G.E.R.N. Center for Tissue Replacement, Regeneration & Neogenesis, Department of Orthopedics and Trauma Surgery, Faculty of Medicine, Medical Center-Albert-Ludwigs-University of Freiburg, 79085 Freiburg im Breisgau, Germany.
Int J Mol Sci. 2021 Jul 27;22(15):8005. doi: 10.3390/ijms22158005.
Inflammation plays a central role in the pathogenesis of knee PTOA after knee trauma. While a comprehensive therapy capable of preventing or delaying post-traumatic osteoarthritis (PTOA) progression after knee joint injury does not yet clinically exist, current literature suggests that certain aspects of early post-traumatic pathology of the knee joint may be prevented or delayed by anti-inflammatory therapeutic interventions. We discuss multifaceted therapeutic approaches that may be capable of effectively reducing the continuous cycle of inflammation and concomitant processes that lead to cartilage degradation as well as those that can simultaneously promote intrinsic repair processes. Within this context, we focus on early disease prevention, the optimal timeframe of treatment and possible long-lasting sustained delivery local modes of treatments that could prevent knee joint-associated PTOA symptoms. Specifically, we identify anti-inflammatory candidates that are not only anti-inflammatory but also anti-degenerative, anti-apoptotic and pro-regenerative.

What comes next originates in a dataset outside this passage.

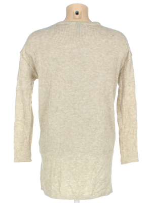 Маркировка на изделии отсутствует. Размер указан на основании замеров. На рукаве распускается нить по шву, загрязнения в нескольких местах.
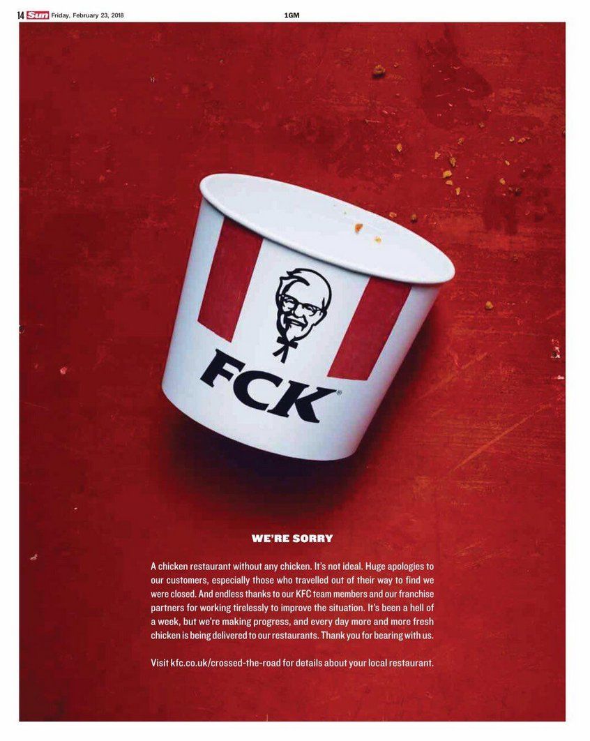 When KFC restaurants in the United Kingdom experienced a significant shortage of chicken, it was forced to close more than half of its 900 British locations closing. This led to customers venting their frustration on social media and even attempting to involve the police. In response, KFC adopted a cheeky creative approach and rearranged its name to spell “FCK” in a full-page print ad in The Sun and Metro. The ad, created by agency of record Mother London, apologized for the inconvenience and acknowledged that a chicken restaurant without chicken is not ideal. This apology took social media by storm in a positive way and the campaign not only demonstrated KFC's commitment to transparency and customer satisfaction, it racked up a ton of awards too.

炎症在膝关节创伤后膝 PTOA 的发病机制中起核心作用。虽然一种能够预防或延迟膝关节损伤后创伤后骨关节炎 (PTOA) 进展的综合疗法尚未在临床上出现,但目前的文献表明,通过抗炎治疗干预可能预防或延迟膝关节创伤后早期病理的某些方面。我们讨论了多方面的治疗方法,这些方法可能能够有效地减少炎症的持续循环以及导致软骨降解的伴随过程,以及那些能够同时促进内在修复过程的方法。在这方面,我们专注于早期疾病预防、治疗的最佳时间框架以及可能长期持续的局部治疗方式,以预防膝关节相关 PTOA 症状。具体来说,我们确定了不仅具有抗炎作用,而且具有抗退化、抗凋亡和促再生作用的抗炎候选物。